Influence of the Bias Voltage on Effective Electron Velocity in AlGaN/GaN High Electron Mobility Transistors

The small-signal S parameters of the fabricated double-finger gate AlGaN/GaN high electron mobility transistors (HEMTs) were measured at various direct current quiescent operating points (DCQOPs). Under active bias conditions, small-signal equivalent circuit (SSEC) parameters such as Rs and Rd, and intrinsic parameters were extracted. Utilizing fT and the SSEC parameters, the effective electron velocity (nu e-eff) and intrinsic electron velocity (nu e-int) corresponding to each gate bias (VGS) were obtained. Under active bias conditions, the influence mechanism of VGS on nu e-eff was systematically studied, and an expression was established that correlates nu e-eff, nu e-int, and bias-dependent parasitic resistances. Through the analysis of the main scattering mechanisms in AlGaN/GaN HEMTs, it has been discovered that the impact of VGS on nu e-eff should be comprehensively analyzed from the aspects of nu e-int and parasitic resistances.
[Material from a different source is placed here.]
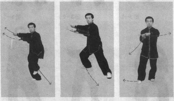 要求:跨步、转身、开右手均要结合腰劲。
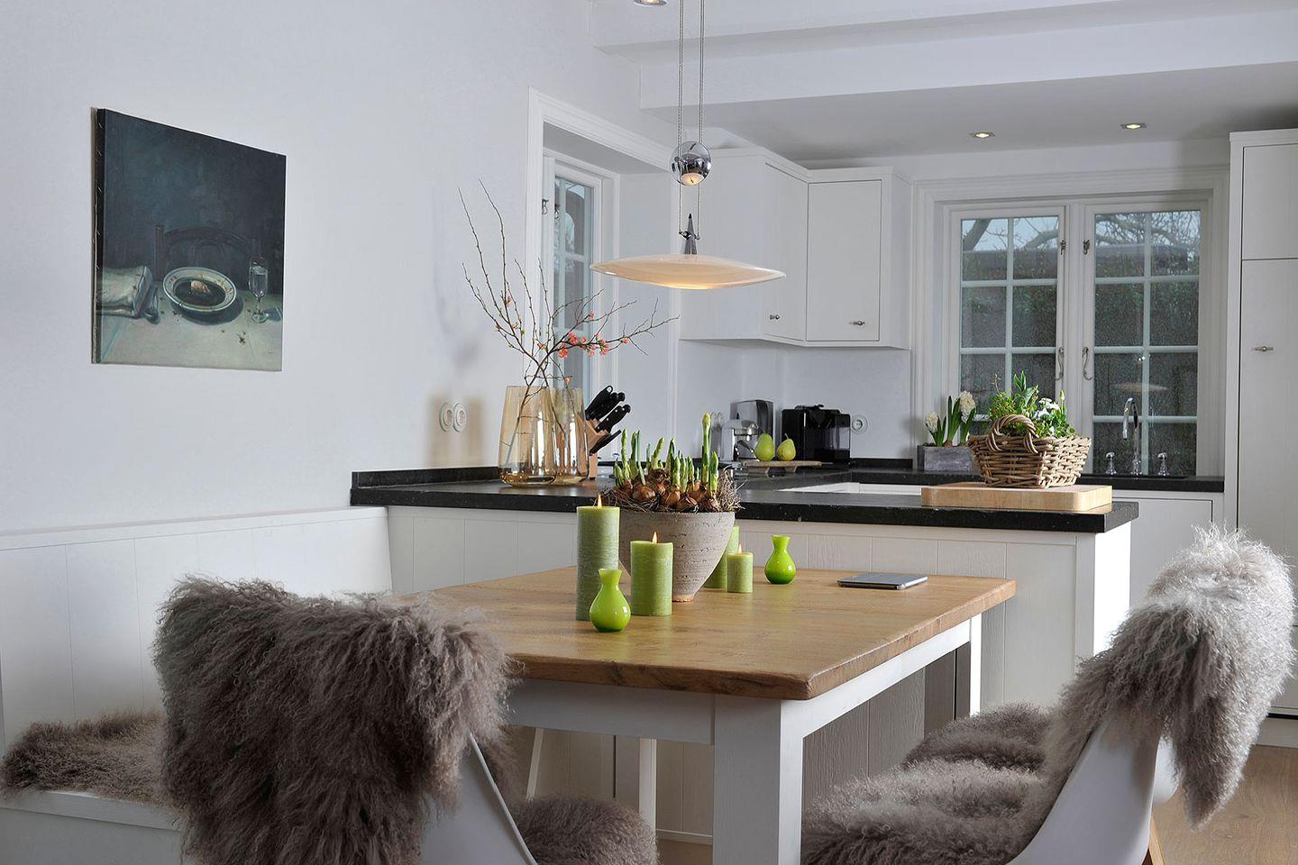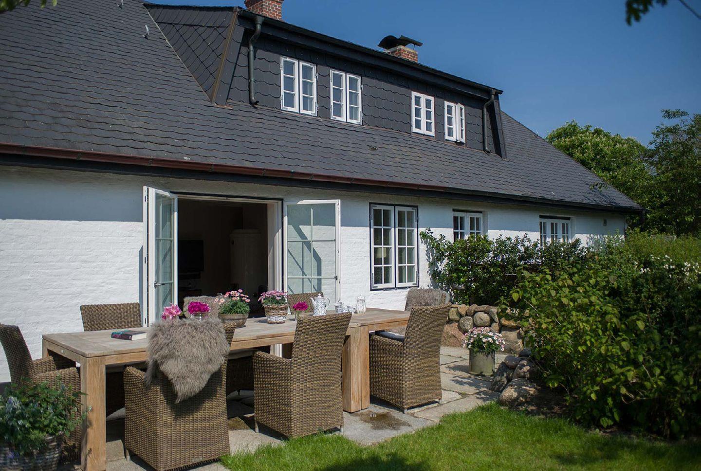 Das exklusive 5-Sterne Ferien Domizil an der Munkmarscher Chaussee 7 in Keitum bietet für maximal sieben Personen ausreichend Platz, um hier gemeinsam auf drei Ebenen und 106 m² entspannte Urlaubstage zu verbringen. Eine Terrasse erweitert den großzügigen Wohn- und Essbereich zu den beiden Sonnenplätzen im Garten. Stilsicher und mit viel Liebe zum Detail wurde dieses Domizil neu konzipiert und für die Ansprüche seiner Gäste durchdacht eingerichtet. Das helle Wohnzimmer mit modernem Esstisch, kuscheliger Sofalandschaft und offener, voll ausgestatteter Küche ist prägend für das sympathische Wohnambiente. Die Großzügigkeit findet sich auch in den zwei Bädern wieder. Die Farben sind Beige und Grau in vielen Abstufungen, kombiniert mit pastelligen Farbtönen. Familien werden sich hier sehr wohl fühlen, denn es bietet großen Raum für Gemeinsamkeit und gleichzeitig viele Möglichkeiten sich zurück zu ziehen. Jeder findet hier seinen Platz. Das Ferien Domizil ist in unmittelbarer Nähe des Wattenmeers gelegen und bietet eine wunderbare Ausgangslage für lange Spaziergänge am Strand. Wenn man den ganzen Tag über vom Wind umfangen ist, gibt es nichts Schöneres als sich abends vor dem Kachelofen aufzuwärmen und zu entspannen – Glücksgefühle garantiert.

On the one hand, changes in VGS influence the intensity of polar optical phonon (POP) scattering and polarization Coulomb field (PCF) scattering, which lead to changes in nu e-int dependent on VGS. The trend of nu e-int with changes in VGS plays a dominant role in determining the trend of nu e-eff with changes in VGS. On the other hand, both POP scattering and PCF scattering affect nu e-eff through their impact on parasitic resistance. Since there is a difference in the additional scattering potential corresponding to the additional polarization charges (APC) between the gate-source/drain regions and the region under the gate, the mutual effects of PCF scattering on the under-gate electron system and the gate-source/drain electron system should be considered when adjusting the PCF scattering intensity through device structure optimization to improve linearity. This study contributes to a new understanding of the electron transport mechanisms in AlGaN/GaN HEMTs and provides a novel theoretical basis for improving device performance.